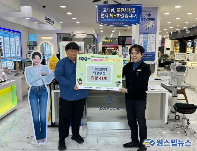 원스텝뉴스 이병희 기자 | 의정부시 흥선동행정복지센터는 12월 29일 다비치안경 의정부점이 ‘100일간 사랑릴레이 배턴 잇기’에 동참하며 안경 41개를 기부했다고 밝혔다.
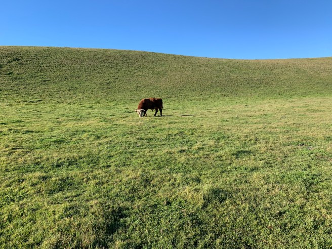 - Notes and Observations: Leave early. Parking is free on Sundays. The climb to the peak is more gradual from the Ohlone College Parking Lot. Bring layers, as it gets hot quickly, especially if you keep a brisk pace (3 miles per hour). Check the soles of your hiking shoes. You will need good traction on the way up and even more so on the way down, especially after the ridge on the southern edge of the hike. There are a few hiking options: 5.8, 7.3, and 10.6 miles. If you have time, consider the 10.6 option. There are two monster ascents; well, the first ascent to the peak is more than manageable, while the second ascent, from the Stanford Avenue Staging Area is a monster, 1500 feet in less than two miles, a grind (https://johnpavolotsky.com/2022/01/20/the-daily-grind/), a metaphor for some aspects of life, glute-buster, straight up, perhaps a switchback or two, mercifully a few flats, and then the final descent, back to the parking lot. The peak (2,517 feet) is a bit of a zoo, a long line of hikers waiting to take their pictures at the famous pole, flashbacks to Disneyland, without the fast pass, of course. Frankly, the best part of the trail, besides the climb up from the Ohlone College parking lot, is the hike along the ridge, south, to the intersection of the Peak Trail and the Horse Heaven Trail. Few hikers, views of Mount Hamilton to the south, the Santa Cruz Mountains to the west, Mount Tam, an island above the clouds, to the northwest, and Mount Diablo to the northeast. No Sierra Nevada viewings, due to the haze to the east (no rain in almost a month – ugh). As mentioned, the descent to the Stanford Avenue Staging Area is super steep. Recover for a few minutes at the picnic tables, then proceed to the second ascent, described above. Two hikes for the price of one, perhaps. It appears that Mission Peak was named after Mission San Jose (1797), in present day Fremont, California. The Ohlone Indians lived on these lands and in time cattle grazed what soon become a sprawling rancheria. You will still see cattle here, sometimes a few feet from the trail, focused intently on grazing on the (still) green grass. Wild turkeys could be seen as well, farther from the trail. A hawk or two soared above us. Perfectly sunny day, as evident from the pictures, with our monthly hike consummated with ice-cold beverages and fabulous local kebab (see details above). Last, but not least, dogs and bicycles are generally permitted throughout this park, but be sure to check the map before your hike or ride. Comments welcomed.
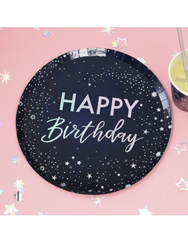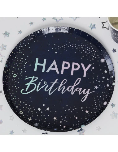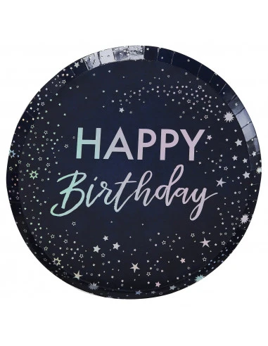 Ces grandes assiettes rondes sont marines avec impression argent irisé .
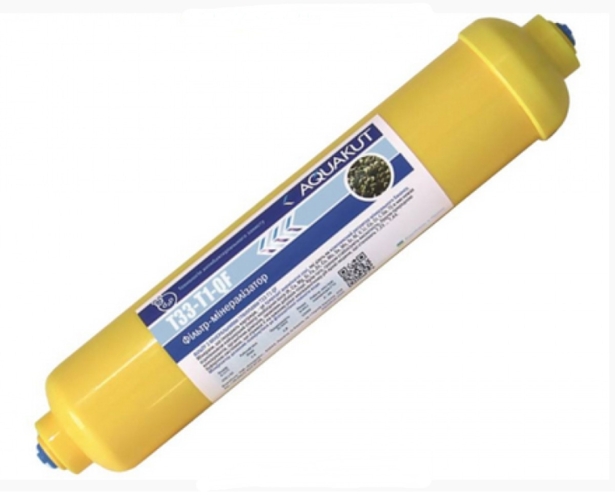 Фильтр T-33-T1 QF — это линейный картридж-минерализатор для систем обратного осмоса. Содержит природные минеральные гранулы. Обогащает очищенную воду минералами. Имеет быстросъемное соединение Quick Fitting (QF).
====
## [The task]
Going from the line with "Ces grandes assiettes" to the last line of the listing, write out each line exactly and nothing else. Leave out all pictures.

## [Solution for this exercise]
 Ces grandes assiettes rondes sont marines avec impression argent irisé .
 Фильтр T-33-T1 QF — это линейный картридж-минерализатор для систем обратного осмоса. Содержит природные минеральные гранулы. Обогащает очищенную воду минералами. Имеет быстросъемное соединение Quick Fitting (QF).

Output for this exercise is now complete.